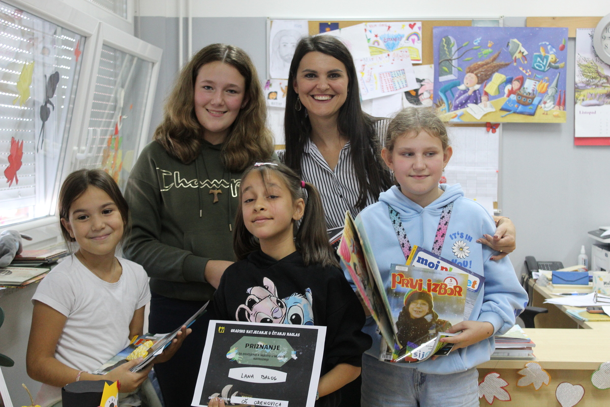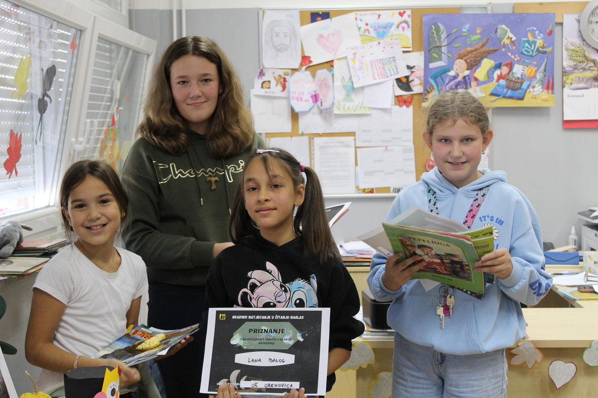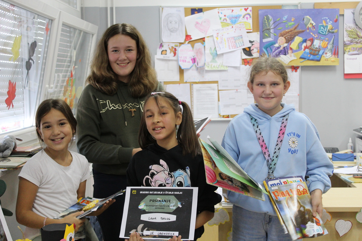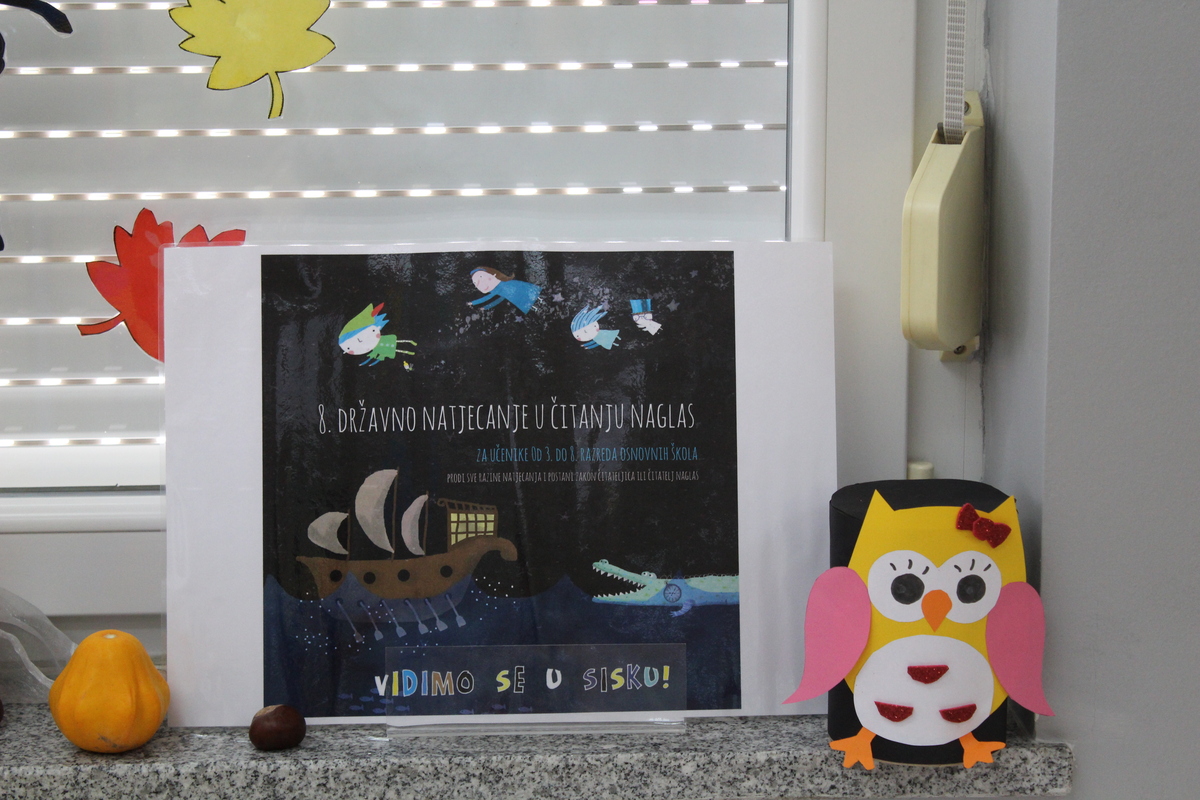 Školska razina Natjecanja u čitanju naglas održana je 16. listopada u školskoj knjižnici. Ukupno se natjecalo 11 učenika, njih 10 u mlađoj kategoriji (3.-5. razred) i 1 učenica u starijoj kategoriji (6.-8 razred). Natjecatelji su predstavili knjigu po vlastitom izboru primjerenu svojem uzrastu. U prve dvije minute usmeno su obrazložili svoj odabir, a ostale tri bile su predviđene za izražajno čitanje. U nastupu se ocjenjivala kreativnost uvodnog dijela, jasnoća i razgovjetnost čitanja, izražajnost u nastupu, primjerenost teksta uzrastu i sveukupni dojam. Učenici su još jednom potvrdili koliko je važno čitati iz užitka i koliko je važno drugima dati do znanja koliko je čitanje ZAKON te u koje nas sve nove svjetove može odvesti.
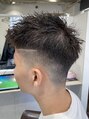 フェードスタイルにツイストパーマをあてたスタイルです!これから夏に向けてオススメのスタイルの1つです!グリースやジェルなどのウェットなスタイリングがオススメ!
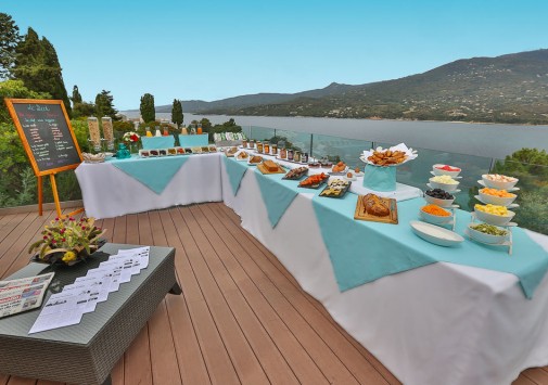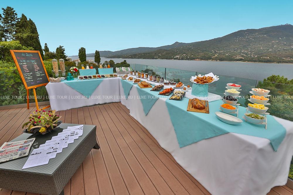 Элегантный ресторан с чудесным видом на море славится изысканными блюдами средиземноморской кухни и корсиканскими деликатесами, а также превосходными местными винами, здесь же сервируют тематические буфеты и устраиваются развлекательные программы, а в дневное время на террасе у бассейна подаются разнообразные салаты, фрукты, десерты и аппетитные блюда-гриль из свежайшей рыбы, поставляемой рыбацкой деревушки Проприано.
● ● ●
_EXERCISE REQUIREMENTS_: Please copy the data shown above, line by line and exactly, omitting the images.

_WRITTEN RESPONSE_:
 Školska razina Natjecanja u čitanju naglas održana je 16. listopada u školskoj knjižnici. Ukupno se natjecalo 11 učenika, njih 10 u mlađoj kategoriji (3.-5. razred) i 1 učenica u starijoj kategoriji (6.-8 razred). Natjecatelji su predstavili knjigu po vlastitom izboru primjerenu svojem uzrastu. U prve dvije minute usmeno su obrazložili svoj odabir, a ostale tri bile su predviđene za izražajno čitanje. U nastupu se ocjenjivala kreativnost uvodnog dijela, jasnoća i razgovjetnost čitanja, izražajnost u nastupu, primjerenost teksta uzrastu i sveukupni dojam. Učenici su još jednom potvrdili koliko je važno čitati iz užitka i koliko je važno drugima dati do znanja koliko je čitanje ZAKON te u koje nas sve nove svjetove može odvesti.
 フェードスタイルにツイストパーマをあてたスタイルです!これから夏に向けてオススメのスタイルの1つです!グリースやジェルなどのウェットなスタイリングがオススメ!
 Элегантный ресторан с чудесным видом на море славится изысканными блюдами средиземноморской кухни и корсиканскими деликатесами, а также превосходными местными винами, здесь же сервируют тематические буфеты и устраиваются развлекательные программы, а в дневное время на террасе у бассейна подаются разнообразные салаты, фрукты, десерты и аппетитные блюда-гриль из свежайшей рыбы, поставляемой рыбацкой деревушки Проприано.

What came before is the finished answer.